> **ABOUT THIS TASK**:
In the entries below, which lines run from the one containing "2022年,东南亚电商应用《" to the one containing "#Akhanda Becomes 𝗔𝗹𝗹"? Copy exactly those lines, ends included, and no others.

> **MATERIAL FOR THIS TASK**:
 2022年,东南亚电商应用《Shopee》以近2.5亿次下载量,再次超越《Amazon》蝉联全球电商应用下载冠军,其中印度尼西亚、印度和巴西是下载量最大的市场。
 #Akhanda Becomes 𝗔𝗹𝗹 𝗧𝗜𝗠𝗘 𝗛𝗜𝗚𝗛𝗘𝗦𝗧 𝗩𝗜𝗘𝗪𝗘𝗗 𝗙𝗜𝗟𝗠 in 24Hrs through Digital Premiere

---

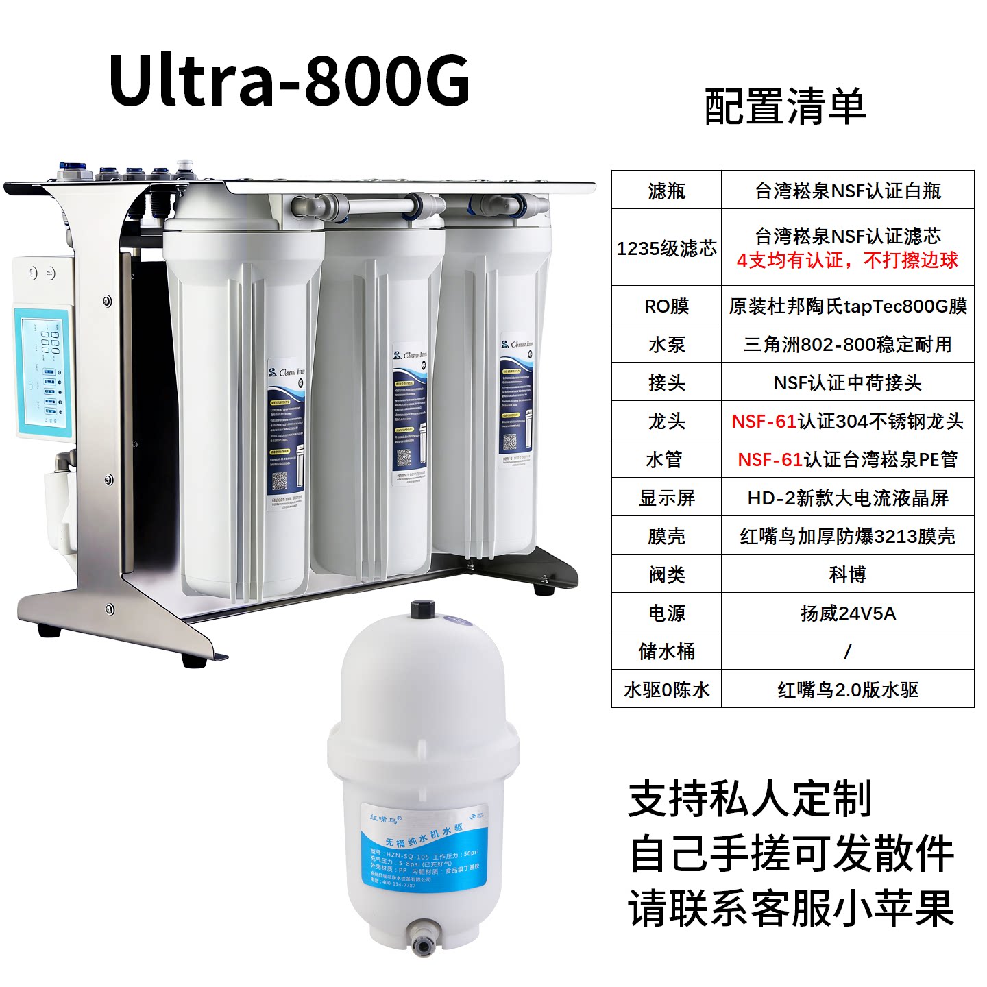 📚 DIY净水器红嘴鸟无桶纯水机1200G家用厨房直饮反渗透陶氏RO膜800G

> **EXERCISE SOLUTION**:
 2022年,东南亚电商应用《Shopee》以近2.5亿次下载量,再次超越《Amazon》蝉联全球电商应用下载冠军,其中印度尼西亚、印度和巴西是下载量最大的市场。
 #Akhanda Becomes 𝗔𝗹𝗹 𝗧𝗜𝗠𝗘 𝗛𝗜𝗚𝗛𝗘𝗦𝗧 𝗩𝗜𝗘𝗪𝗘𝗗 𝗙𝗜𝗟𝗠 in 24Hrs through Digital Premiere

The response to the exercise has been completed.